Problem statement:
Exactly the lines from the beginning of the records below through the line with "We did share" must be given again, without pictures.

Records for this task section start

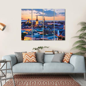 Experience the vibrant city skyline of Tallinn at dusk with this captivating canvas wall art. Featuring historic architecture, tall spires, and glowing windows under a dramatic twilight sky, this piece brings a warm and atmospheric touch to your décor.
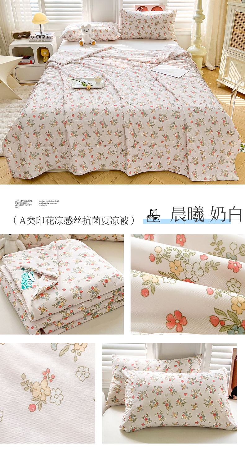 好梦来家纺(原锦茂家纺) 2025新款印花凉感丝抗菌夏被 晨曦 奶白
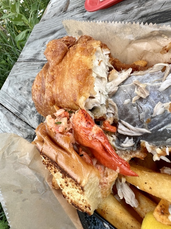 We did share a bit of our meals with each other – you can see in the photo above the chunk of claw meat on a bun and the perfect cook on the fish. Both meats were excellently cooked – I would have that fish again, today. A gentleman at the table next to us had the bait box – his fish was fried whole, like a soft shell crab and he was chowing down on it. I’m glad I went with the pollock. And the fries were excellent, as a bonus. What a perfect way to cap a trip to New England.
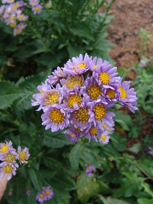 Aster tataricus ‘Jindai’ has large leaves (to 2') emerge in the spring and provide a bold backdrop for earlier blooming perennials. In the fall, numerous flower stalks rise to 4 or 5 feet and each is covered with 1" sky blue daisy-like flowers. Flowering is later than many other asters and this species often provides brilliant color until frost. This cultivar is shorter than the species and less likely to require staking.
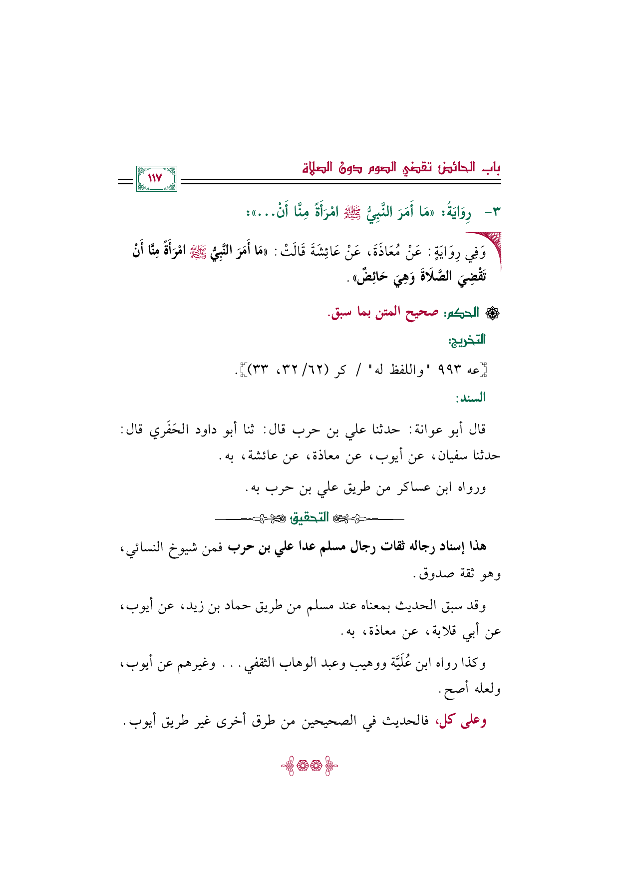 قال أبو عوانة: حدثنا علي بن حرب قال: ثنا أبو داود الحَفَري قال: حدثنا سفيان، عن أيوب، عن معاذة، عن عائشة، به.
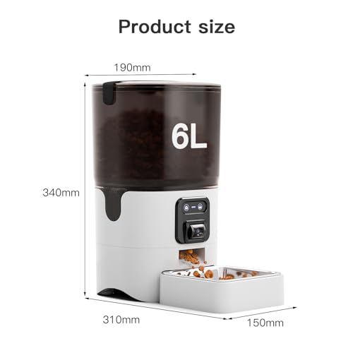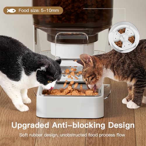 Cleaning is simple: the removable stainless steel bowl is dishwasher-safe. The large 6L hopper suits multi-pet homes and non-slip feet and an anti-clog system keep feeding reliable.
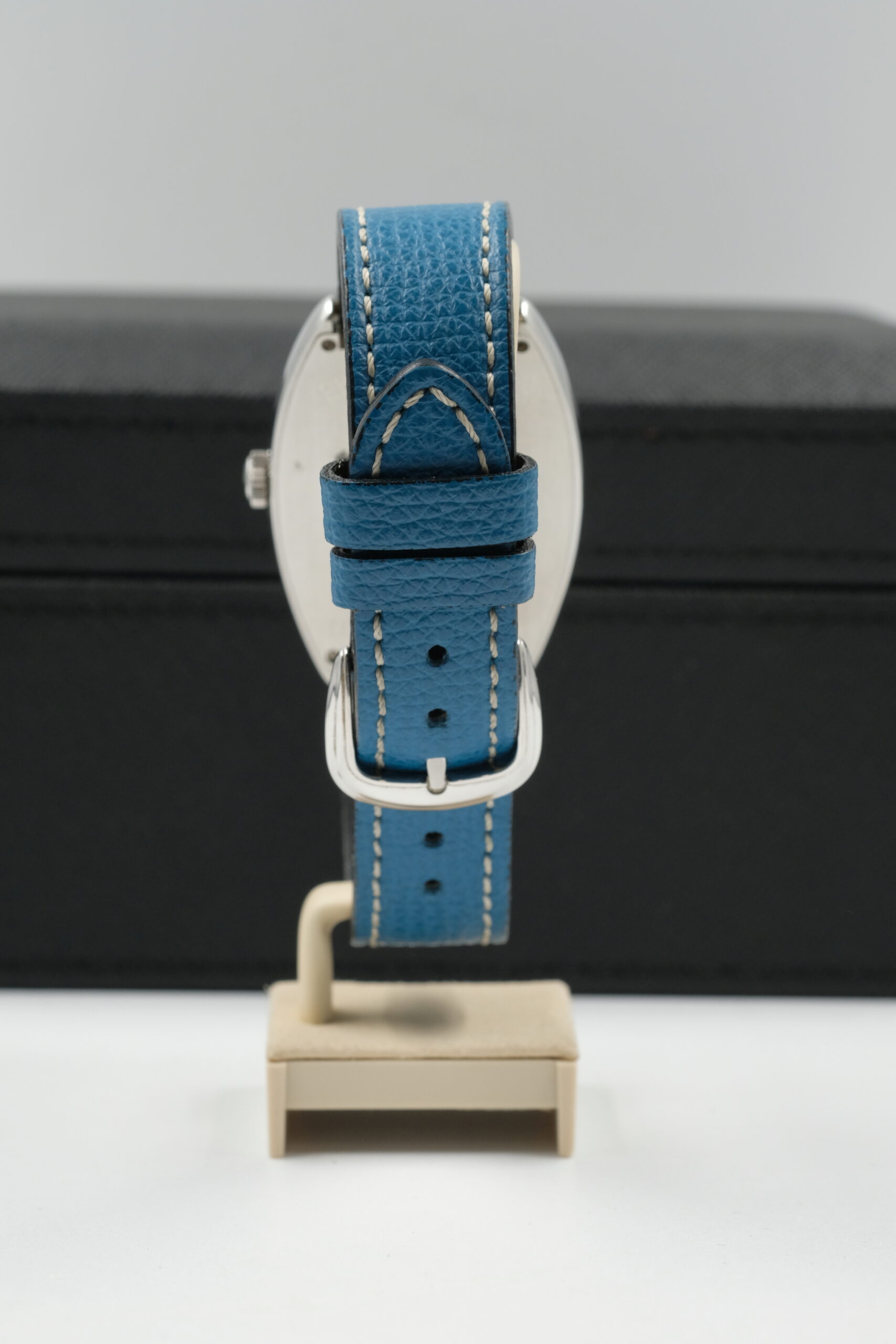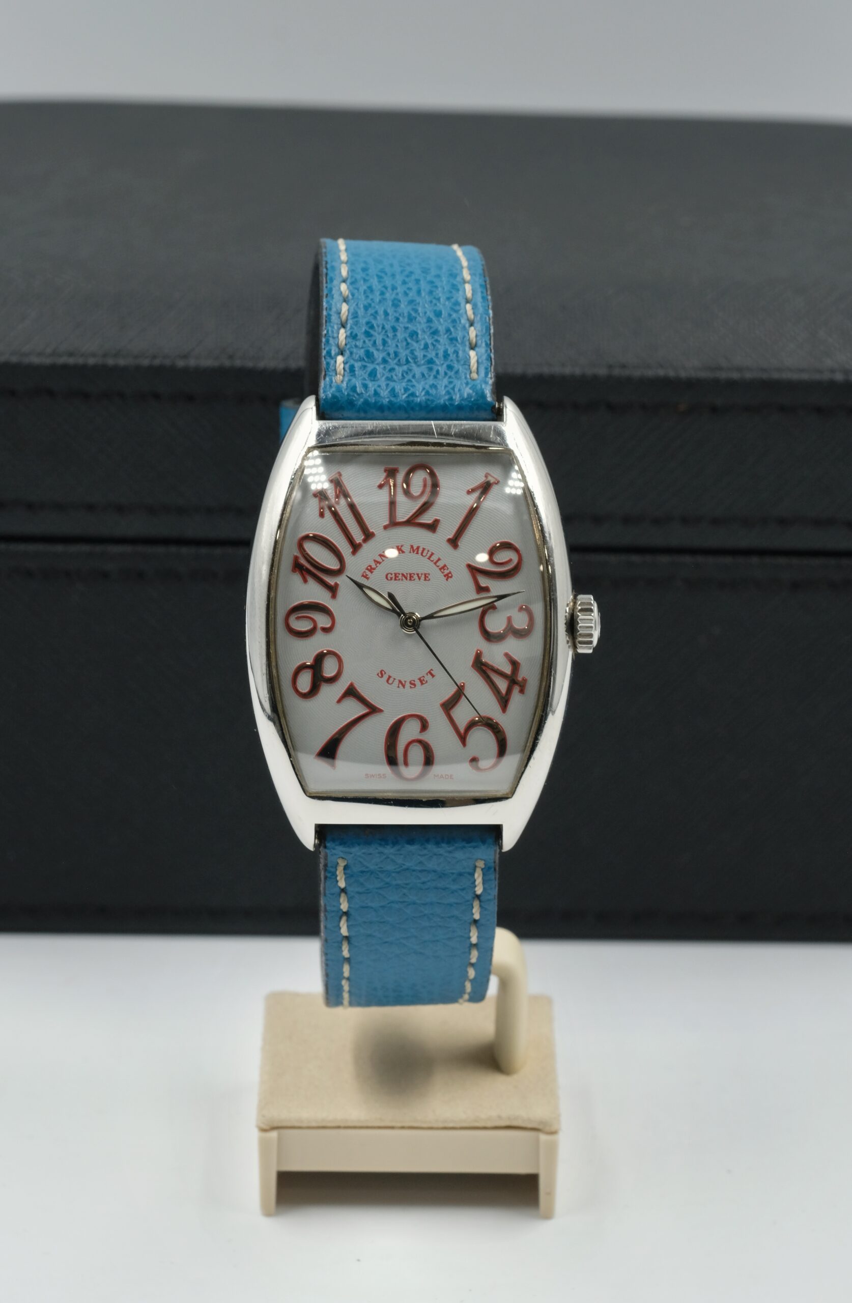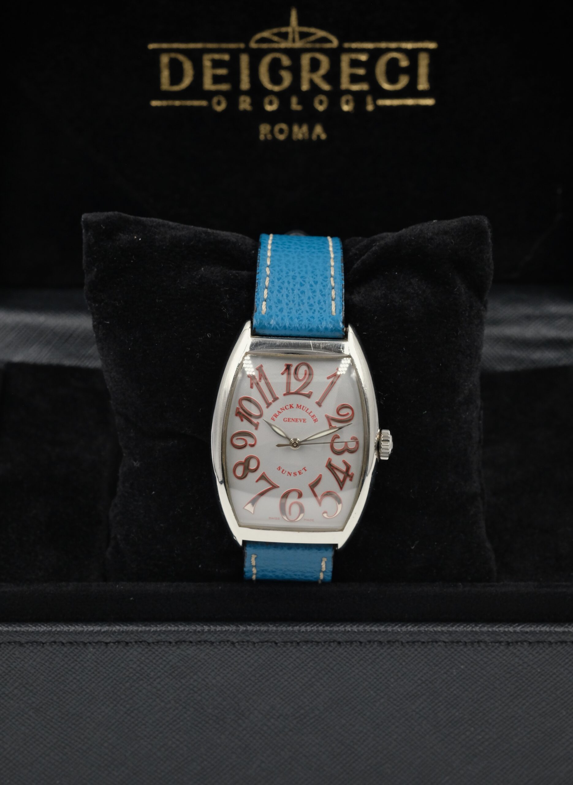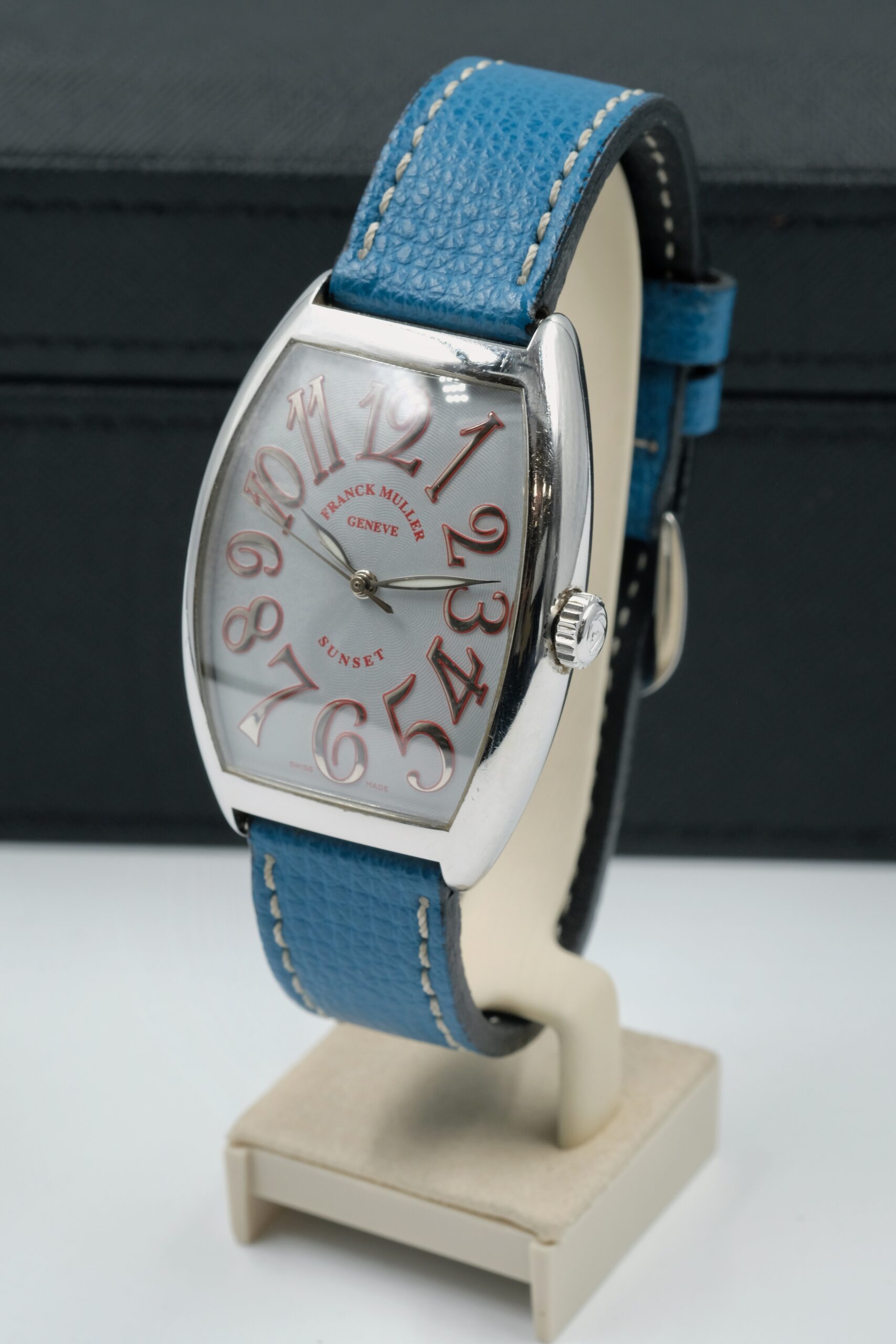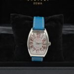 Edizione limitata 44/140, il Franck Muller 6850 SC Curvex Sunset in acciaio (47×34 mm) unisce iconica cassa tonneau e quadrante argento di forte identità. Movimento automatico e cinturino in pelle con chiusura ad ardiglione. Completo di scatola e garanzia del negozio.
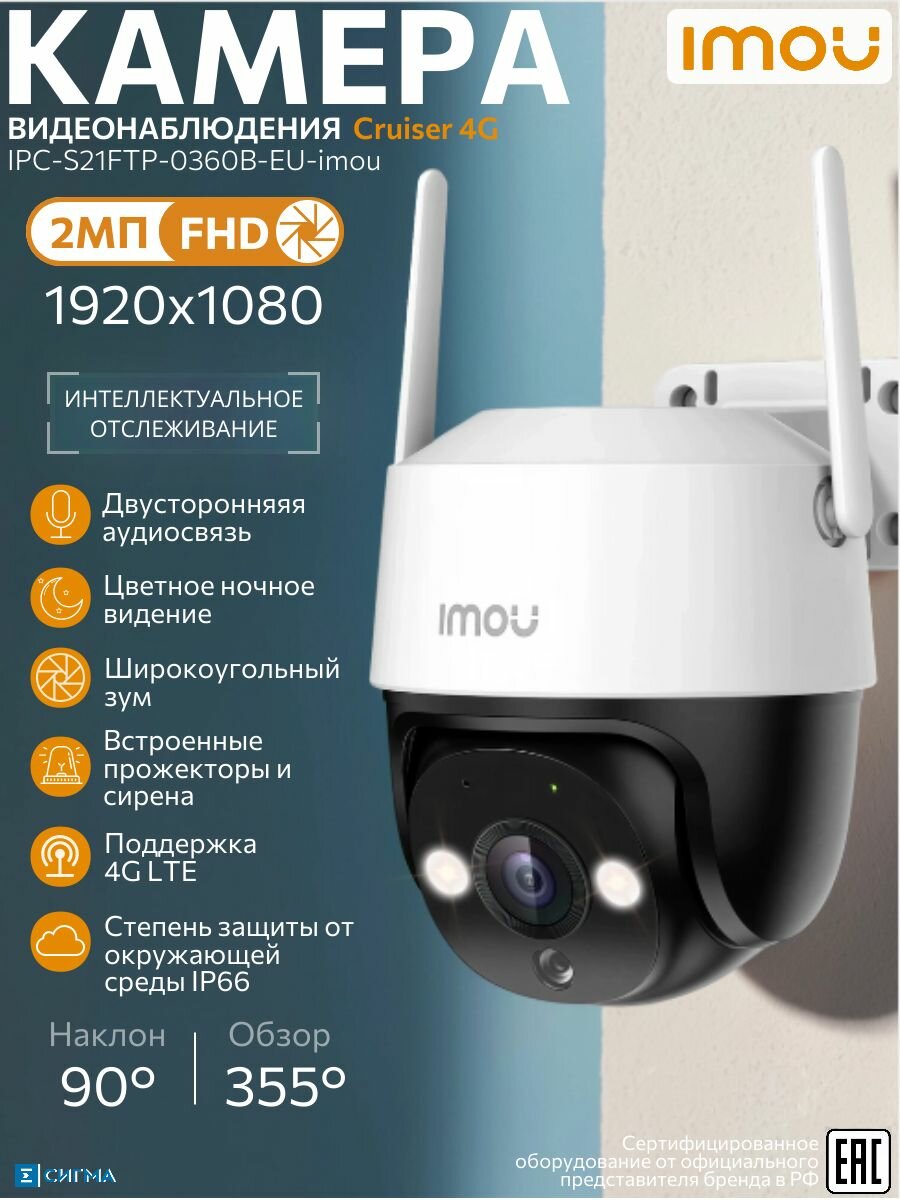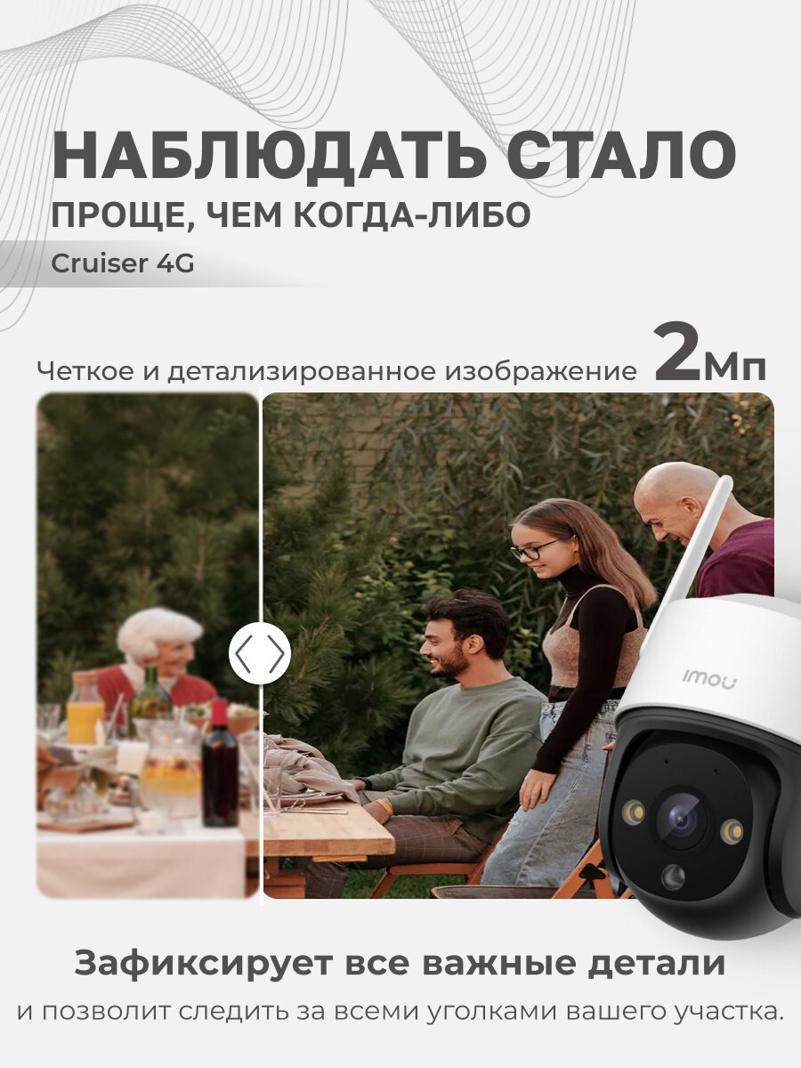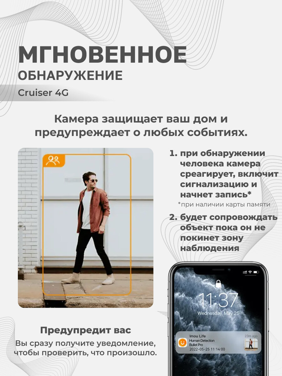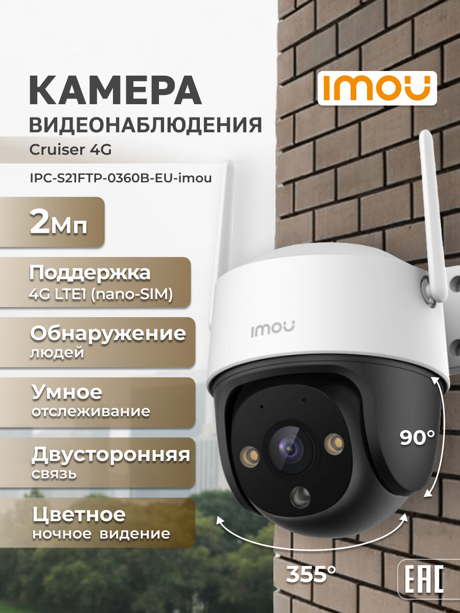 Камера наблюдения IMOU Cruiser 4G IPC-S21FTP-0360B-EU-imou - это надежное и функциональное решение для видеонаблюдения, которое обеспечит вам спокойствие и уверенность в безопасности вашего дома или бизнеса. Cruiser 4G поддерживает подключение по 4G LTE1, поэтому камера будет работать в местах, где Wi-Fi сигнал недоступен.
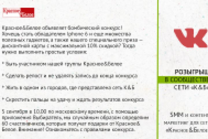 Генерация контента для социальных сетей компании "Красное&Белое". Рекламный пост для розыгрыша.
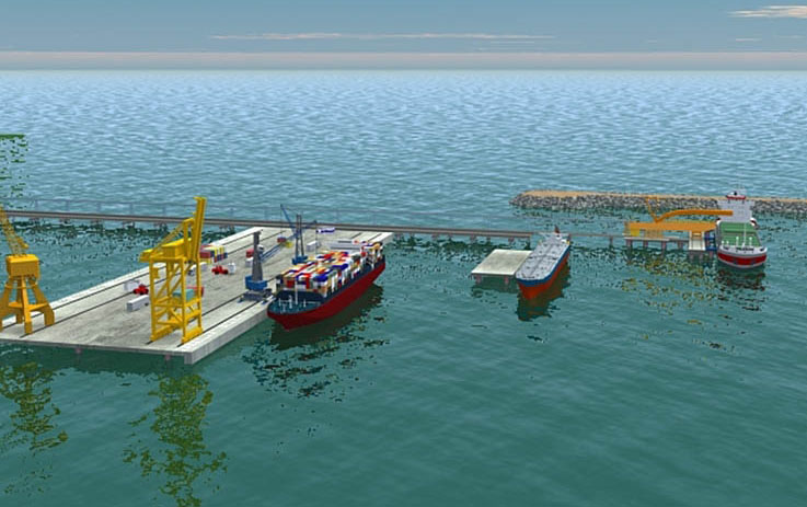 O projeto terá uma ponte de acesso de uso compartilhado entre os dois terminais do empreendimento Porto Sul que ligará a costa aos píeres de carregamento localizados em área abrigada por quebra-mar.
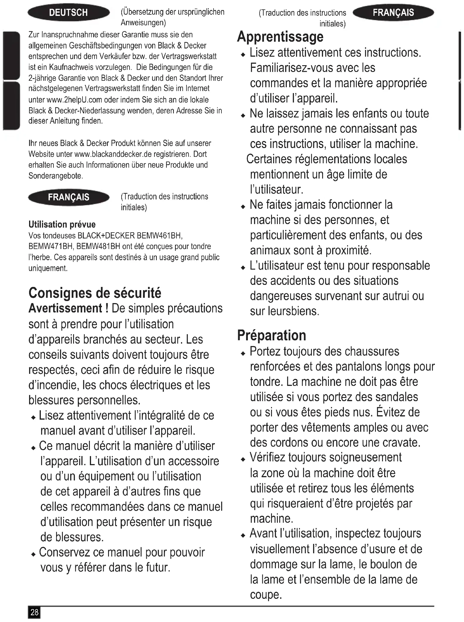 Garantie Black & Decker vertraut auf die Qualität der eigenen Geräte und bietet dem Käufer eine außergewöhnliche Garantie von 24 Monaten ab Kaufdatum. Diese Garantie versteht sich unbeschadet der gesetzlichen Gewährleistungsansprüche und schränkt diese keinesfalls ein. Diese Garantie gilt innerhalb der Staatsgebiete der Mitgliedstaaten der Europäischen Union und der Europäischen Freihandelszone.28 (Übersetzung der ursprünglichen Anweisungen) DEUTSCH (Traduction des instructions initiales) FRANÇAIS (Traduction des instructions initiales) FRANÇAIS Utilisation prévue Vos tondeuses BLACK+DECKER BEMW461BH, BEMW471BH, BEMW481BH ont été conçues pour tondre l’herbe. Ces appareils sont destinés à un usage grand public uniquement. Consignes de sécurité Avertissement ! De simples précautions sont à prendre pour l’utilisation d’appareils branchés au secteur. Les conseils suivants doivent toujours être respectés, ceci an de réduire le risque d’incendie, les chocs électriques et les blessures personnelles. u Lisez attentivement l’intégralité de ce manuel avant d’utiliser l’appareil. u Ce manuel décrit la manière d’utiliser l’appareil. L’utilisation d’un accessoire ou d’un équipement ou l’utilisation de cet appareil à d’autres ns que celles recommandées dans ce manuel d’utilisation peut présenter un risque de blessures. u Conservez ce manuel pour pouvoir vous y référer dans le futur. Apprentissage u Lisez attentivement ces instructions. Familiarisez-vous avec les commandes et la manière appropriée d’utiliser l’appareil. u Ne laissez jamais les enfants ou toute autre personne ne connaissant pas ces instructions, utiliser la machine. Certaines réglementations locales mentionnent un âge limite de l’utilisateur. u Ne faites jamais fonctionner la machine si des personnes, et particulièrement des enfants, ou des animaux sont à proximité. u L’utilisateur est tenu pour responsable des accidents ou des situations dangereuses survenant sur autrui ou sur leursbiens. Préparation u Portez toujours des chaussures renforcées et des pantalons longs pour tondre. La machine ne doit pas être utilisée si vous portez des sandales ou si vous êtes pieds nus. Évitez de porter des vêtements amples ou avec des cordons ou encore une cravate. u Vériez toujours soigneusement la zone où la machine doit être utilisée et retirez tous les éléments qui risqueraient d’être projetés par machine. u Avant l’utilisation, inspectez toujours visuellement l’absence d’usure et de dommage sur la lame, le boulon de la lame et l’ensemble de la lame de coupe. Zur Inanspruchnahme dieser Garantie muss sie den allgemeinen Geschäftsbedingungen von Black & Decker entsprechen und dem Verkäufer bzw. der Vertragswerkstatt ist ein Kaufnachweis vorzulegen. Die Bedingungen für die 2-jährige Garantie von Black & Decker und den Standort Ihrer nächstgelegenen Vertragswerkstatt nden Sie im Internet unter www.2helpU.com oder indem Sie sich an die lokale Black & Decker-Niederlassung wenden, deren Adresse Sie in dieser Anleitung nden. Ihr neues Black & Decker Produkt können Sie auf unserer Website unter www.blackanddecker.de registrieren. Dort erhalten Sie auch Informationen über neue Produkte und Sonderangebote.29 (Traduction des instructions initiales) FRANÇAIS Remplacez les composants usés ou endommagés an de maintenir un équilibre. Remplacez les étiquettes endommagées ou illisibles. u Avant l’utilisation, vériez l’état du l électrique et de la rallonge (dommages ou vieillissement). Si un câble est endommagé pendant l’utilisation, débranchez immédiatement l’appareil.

Records for this task section end

Finished task:
 Experience the vibrant city skyline of Tallinn at dusk with this captivating canvas wall art. Featuring historic architecture, tall spires, and glowing windows under a dramatic twilight sky, this piece brings a warm and atmospheric touch to your décor.
 好梦来家纺(原锦茂家纺) 2025新款印花凉感丝抗菌夏被 晨曦 奶白
 We did share a bit of our meals with each other – you can see in the photo above the chunk of claw meat on a bun and the perfect cook on the fish. Both meats were excellently cooked – I would have that fish again, today. A gentleman at the table next to us had the bait box – his fish was fried whole, like a soft shell crab and he was chowing down on it. I’m glad I went with the pollock. And the fries were excellent, as a bonus. What a perfect way to cap a trip to New England.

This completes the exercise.